Now what if all these countries would add the actual same policies toward USA (and not only .. also to other countries) ??  ::ha::


----------



## ScottW (Apr 2, 2004)

I think we should finger print ALL foreign visitors.


----------



## Giaguara (Apr 2, 2004)

Shouldn't every country do that then, to everybody?

What if suddenly these 27 countries would start fingerprinting US citizens?? They should maybe do it, for their own safety (i.e. I think there are about as many 'unsafe' persons coming from lets say from Sweden to US than from US to Sweden or any other of those countries)

Of the countries the ones I've seen doing fingerprinting on the least discriminating way were Brazil (above) and Portugal - they as well fingerprint everyone, Portuguese or non-portuguese.


----------



## ScottW (Apr 2, 2004)

They can fingerprint me if I go somewhere else. I have nothing to hide.


----------



## MDLarson (Apr 2, 2004)

I have the same opinion as Scott.  Personal freedom / convenience arguments aside, the U.S. has been infiltrated very easily before, and this move is not a surprise to me.


----------



## markceltic (Apr 2, 2004)

I say it's within any countries right to apply whatever means they think is necessary to protect itself.So just be sure to research the requirements of said country before you travel.


----------



## speedfreak (Apr 3, 2004)

I have 3 passports. US, Bermuda, British/EU When I go to Europe I use British, when I come back I use the US one.  How does this affect me?


----------



## Zammy-Sam (Apr 3, 2004)

speedfreak said:
			
		

> I have 3 passports. US, Bermuda, British/EU When I go to Europe I use British, when I come back I use the US one.  How does this affect me?

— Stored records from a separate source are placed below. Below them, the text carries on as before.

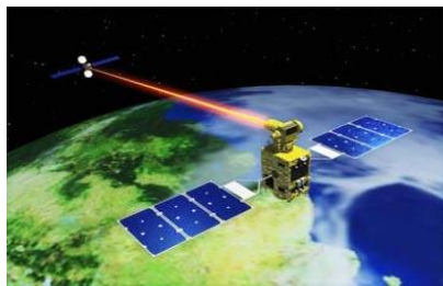
Line of Sight Stabilization in Optical Communications
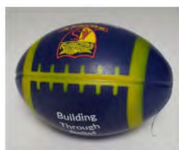
Stress Ball - S$2.00
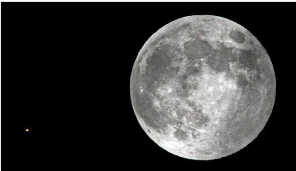
Those looking up got a rare view Wednesday night. Mars, close to the full moon on one side, vanished and then reappeared on the other side over the next three hours. This is called an occultation, and the next time it will occur is in January 2025. The first photo was taken at 7:30 p.m., the second at 10:30 p.m.
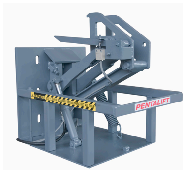
HFR32 Vehicle Restraint System
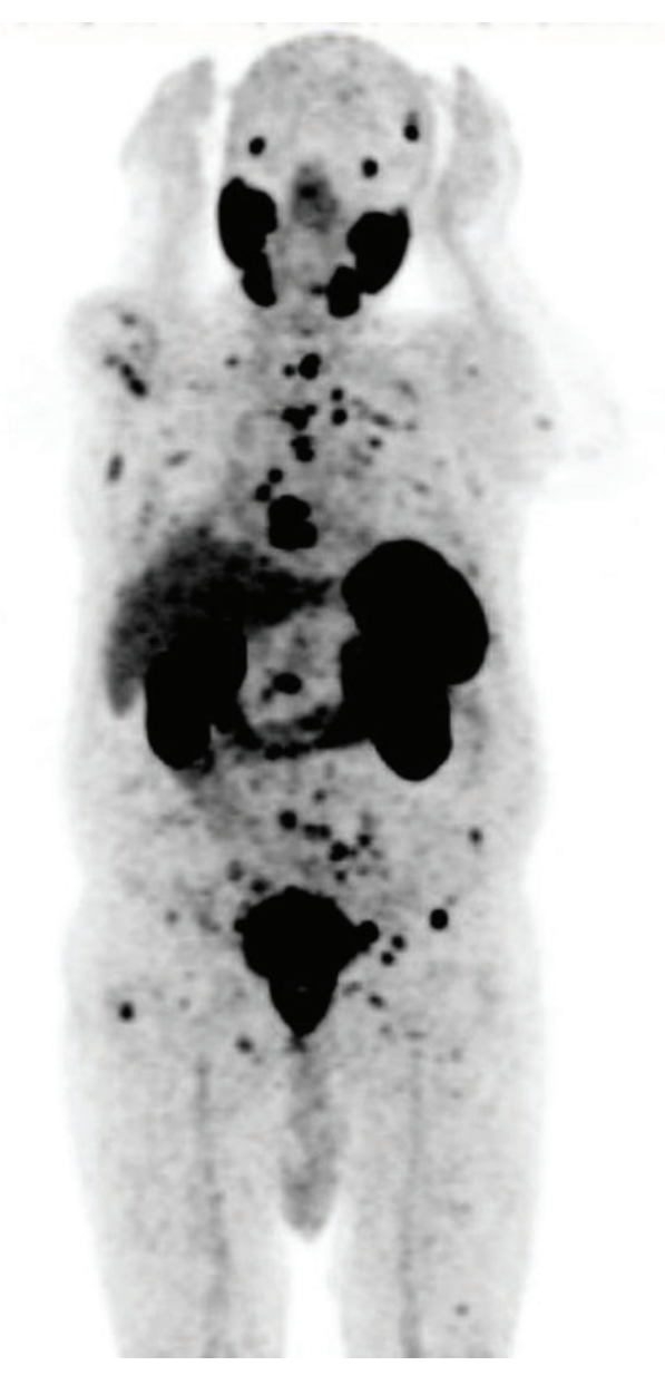
Figure 3. Maximum intensity projection image of 68Ga-PSMA PET/CT showing diffuse metastatic involvement.

PSMA: Prostate-specific membrane antigen, PET: Positron emission tomography, CT: Computed tomography
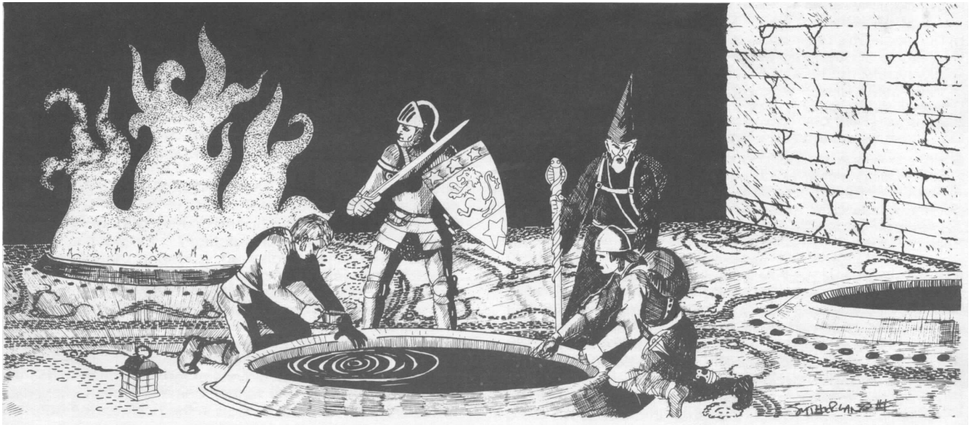
Visual Aid. Room of Pools (Area 31)
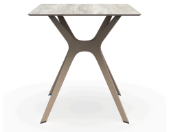
Phenolic Washed Wood Table 70x70 Vela "s" Sand Table Foot 04060
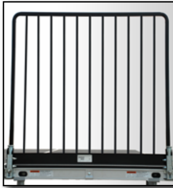
Four foot guard panels (vertical above and horizontal right)

Guard panels have been designed for quick assembly to increase productivity during installation and disassembly. Unique clamps snap into the side channel of the decks and release by depressing a plunger.
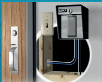
Simple Wiring easily connects to most electric strikes and magnetic locking devices
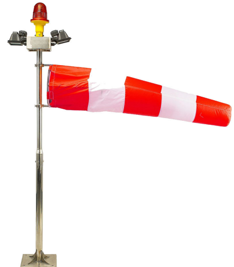
External Illumination Type
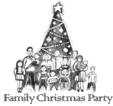
Family Christmas Party
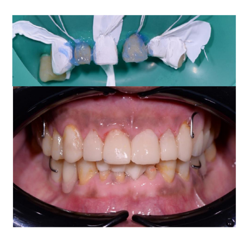
Fig. (10). Intraoral view of the composite build-ups after cutting the upper onlay acrylic denture teeth.

Due to the COVID-19 pandemic, the patient was not reviewed for a long time. Due to this, there was one fractured composite and wear and staining of multiple composite buildups (Fig. 11). However, the patient was satisfied, and no complaints were recorded. The teeth and restorations were polished, and full-mouth prophylaxis was done for the patient.
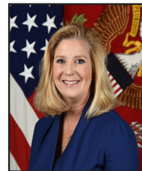
SECRETARY OF THE ARMY Honorable Christine E. Wormuth

Can you give me the number of that guy who made you two of those three passports? I need one for Croatia..   
Seriously, I feel somehow humiliated by this. They have to brand me like a cow..  No thanks!


----------



## speedfreak (Apr 3, 2004)

They are all legitimate.


----------



## Randman (Apr 3, 2004)

It's an interim step until biometric passports come about. I don't see anyone complaining about biometric passports.
   If you have nothing to hide, what's wrong with a fingerprint? Citizens of those countries still don't require visas. Why not complain about other countries with strict laws concerning entry?


----------



## Cat (Apr 3, 2004)

The fact that I have nothing to hide does not mean that I give license to anybody to check on me. That's called privacy. I have nothing to hide, but that does not mean my life is completely public.


----------



## MDLarson (Apr 3, 2004)

I'm willing to give up some personal freedoms if that means a safer world.  And a finger print is not an unreasonable thing.


----------



## pds (Apr 3, 2004)

Last time I was arrested it took about 24 hours to get an answer to my prints.  So what good does it do to print someone at the gate? Do they actually get a readout on them before the person is let in? I haven't traveled since January, but that sounds like a nightmare of delays at immigration.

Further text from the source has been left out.